Money magazine’s College Planner ranks California State University, Stanislaus, the top public school in the nation for helping students succeed.
On Money’s list of “The 40 Colleges That Add the Most Value,” the Turlock campus is the highest-ranked public school. Robert Morris University, a private career college in Chicago, heads the list and Mount St. Mary’s University in Los Angeles, a private college for women, came in second.
“It’s not surprising that elite schools report high graduation rates, or that their alumni move on to high-paying jobs,” Money notes in the list introduction. “What’s impressive is when a college can help students do far better than you’d expect based on their academic and economic backgrounds and the mix of majors at their schools.”
The university announced the achievement Wednesday.
“It means we’re being noticed as one of the best colleges at serving its core constituency,” university President Joseph Sheley said. “Members of the region are experiencing the thrill and pride that comes with a son or daughter becoming the first in the family to earn a college degree and opening doors to success.”
They’re very understanding of situations in life.
Teaching credential student Elvis Salgado
Stanislaus State has the lowest net degree cost of any on the value-added list, $106,349. On Money’s broad overall ranking, it came in 82nd out of 736 four-year institutions on the annual Best Colleges list, which ties it with California Maritime Academy for the top spot among the 23 CSU campuses. Stanford University tops that list this year.

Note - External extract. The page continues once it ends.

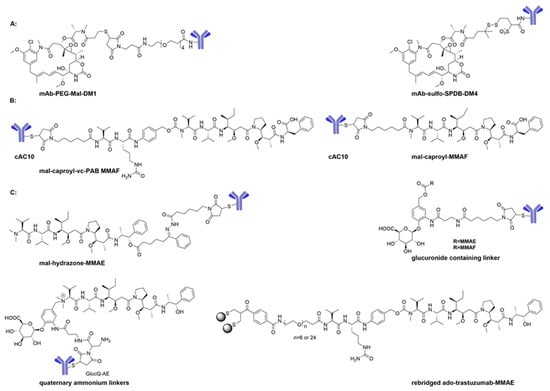 (A) the chemical structure of mAb-PEG-Mal-DM1 and mAb-sulfo-SPDB-DM4. PEG4: hydrophilic tetraethylene glycol, sulfo-PDB: sulfo N-succinimidyl-4-(2-pyridyldithio)butanoate; (B) the tubulin inhibitor MMAF-based ADCs; (C) the hydrazone functionalities, β-glucuronide containing linkers, quaternary ammonium linkers or rebridged ado-trastuzumab-based ADCs using MMAE or MMAF as payload.

“It’s super affordable for low-income families – and I’m one of them,” said junior Tatiana Olivera, sitting at the Sigma Tau Delta booth at transfer student orientation on the Quad Wednesday. “It’s very close to home. It’s a commuter school, so you don’t have to afford housing,” she said.
Olivera is in the faculty mentorship program, which she said gives her great access to professors for homework help and all around guidance. “It feels like a family to me,” she said.

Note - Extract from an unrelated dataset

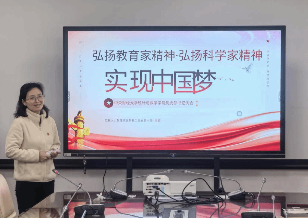 会议开始,数理经济系教工党支部书记梁超以“弘扬教育家精神,弘扬科学家精神——实现中国梦”为题作专题讲座,先后阐释了教育家精神内涵以及科学家精神内涵,以廖山涛、张筑生等为榜样进行分享,最后对如何传承和弘扬相关精神品质进行阐释。

There was one instructor, when I was going through struggles, he was always there to listen.
Teaching credential graduate Javier Delgadillo
Associated Students Inc. President Nicole Larson said the low student-to-teacher ratio made instructors very easy to talk to. “One of the best things is it has that homey feel,” she said, with classes of usually 20 or so students.

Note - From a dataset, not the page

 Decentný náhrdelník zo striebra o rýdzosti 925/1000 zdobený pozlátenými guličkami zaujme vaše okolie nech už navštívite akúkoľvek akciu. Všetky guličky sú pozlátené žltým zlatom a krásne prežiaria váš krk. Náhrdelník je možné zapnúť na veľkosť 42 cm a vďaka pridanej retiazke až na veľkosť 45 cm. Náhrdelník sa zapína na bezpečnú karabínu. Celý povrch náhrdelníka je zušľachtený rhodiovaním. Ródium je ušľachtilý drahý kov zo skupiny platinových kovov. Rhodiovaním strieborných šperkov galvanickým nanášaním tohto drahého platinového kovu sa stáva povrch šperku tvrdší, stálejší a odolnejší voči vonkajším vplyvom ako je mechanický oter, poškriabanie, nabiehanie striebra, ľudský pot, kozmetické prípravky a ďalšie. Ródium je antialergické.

“The departments are so close-knit and you really see that,” she said, adding it amazed her when, as a new student, professors would make a point to stop and talk to her around campus. “I’m thinking, ‘You know me? I’ve just been a student in your class for a semester,’” Larson said.
“It helps to have a professor who’s very passionate,” said music major Jacob Cortez. Sitting next to him at the music studies table, Jasmine Woodall added that she liked the candid talk by her instructors about being in college with a purpose. “There’s a good amount of decent teachers here,” she said.
The Money magazine recognition comes on the heels of a nod from U.S. News & World Report, which placed the university among the top 10 four-year schools in the country in serving Hispanic students in a July 6 report.
The U.S. News listing used 2013 data, placing Stanislaus No. 9 in the nation with a student population that measures 45 percent Hispanic. The statistic closely mirrors the makeup of Stanislaus County, which 2013 census figures place at 43.5 percent Hispanic.